We needed the system to narrate its own state.
2. Micro-Batch Streams: Giving the Flood a Pulse
Billing could not digest millions of events in one sweep.
So we converted the pipeline into micro-batches:
small sets of hundreds
frequent processing intervals
strict time budgets
Each micro-batch emitted:
processing time
success and failure counts
retry signals
backlog growth
enrichment accuracy
For the first time, we could see latency rising upstream before it overwhelmed downstream systems.
We had turned a flood into a heartbeat.
3. Backpressure: Teaching the System to Respect Its Limits
When statement generation fell behind, it used to accept everything.
The backlog grew silently until it became unmanageable.
Backpressure changed this.
We taught the system to push back:
slow the upstream feed
return “retry later” signals
shed non-critical load
preserve capacity for customer-critical tasks
Instead of collapsing under pressure, the system now bent gracefully.
Water cannot choose its upstream.
But systems can.
4. Visibility Through SLOs: Giving the System a Voice
We created clear Service Level Objectives:
pricing propagation within 30 minutes
billing micro-batch latency under 5 minutes
statement backlog under one day
Then we instrumented logs, traces, and metrics tied to these SLOs.
Instead of discovering problems after customers felt the pain, we saw the early tremors.
Mean Time To Detect collapsed from hours to minutes.
Mean Time To Recovery improved by nearly half.
The system had begun to speak.
5. Canary Rollouts: Learning From Reality in Safe Steps
We stopped launching changes all at once.
Instead, we moved like a river entering a new channel:
1 percent
10 percent
25 percent
100 percent
At each stage, we measured:
drift in latency
drift in error rates
drift in reconciliation outcomes
drift in billing accuracy
The system learned from reality, not assumption.
And so did we.
Where in your system does work enter faster than insight? Where is the flow ahead of the feedback?
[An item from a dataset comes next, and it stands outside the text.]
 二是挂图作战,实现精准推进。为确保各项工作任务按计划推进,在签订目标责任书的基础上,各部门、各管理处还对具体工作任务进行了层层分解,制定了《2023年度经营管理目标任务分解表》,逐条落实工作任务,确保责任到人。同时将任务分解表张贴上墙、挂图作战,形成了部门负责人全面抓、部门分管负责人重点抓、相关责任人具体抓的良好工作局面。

This is where drift begins.
What Feedback Changed
Before feedback, everything felt brittle.
After feedback, everything felt alive.
We could see when pricing changes slowed.
We could see when billing fell behind.
We could see when statements approached danger thresholds.
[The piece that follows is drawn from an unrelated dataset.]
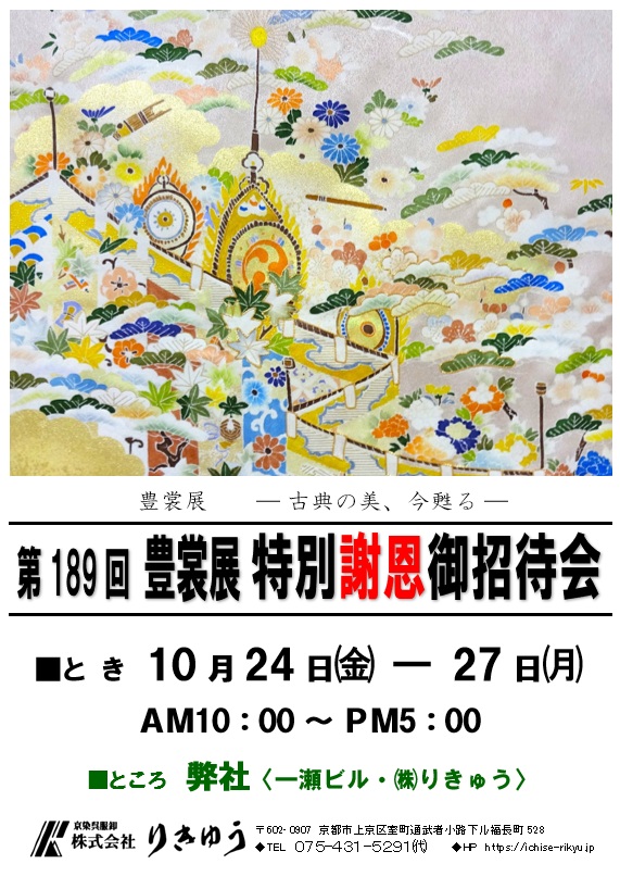 この度10月24日(金)~10月27日(月)の期間、弊社ビルにて第189回豊裳展・特別謝恩御招待会を開催いたします。

We could see before customers could feel.
The system was not perfect.
But it had awareness.
And awareness is the first form of resilience.
Sutra: Flow Comes From Listening
“Systems fail in silence and improve in dialogue.”
“Feedback turns motion into wisdom.”
Rivers thrive because they sense.
Systems thrive when they listen.
Reflection
What is one signal your system needs in order to learn?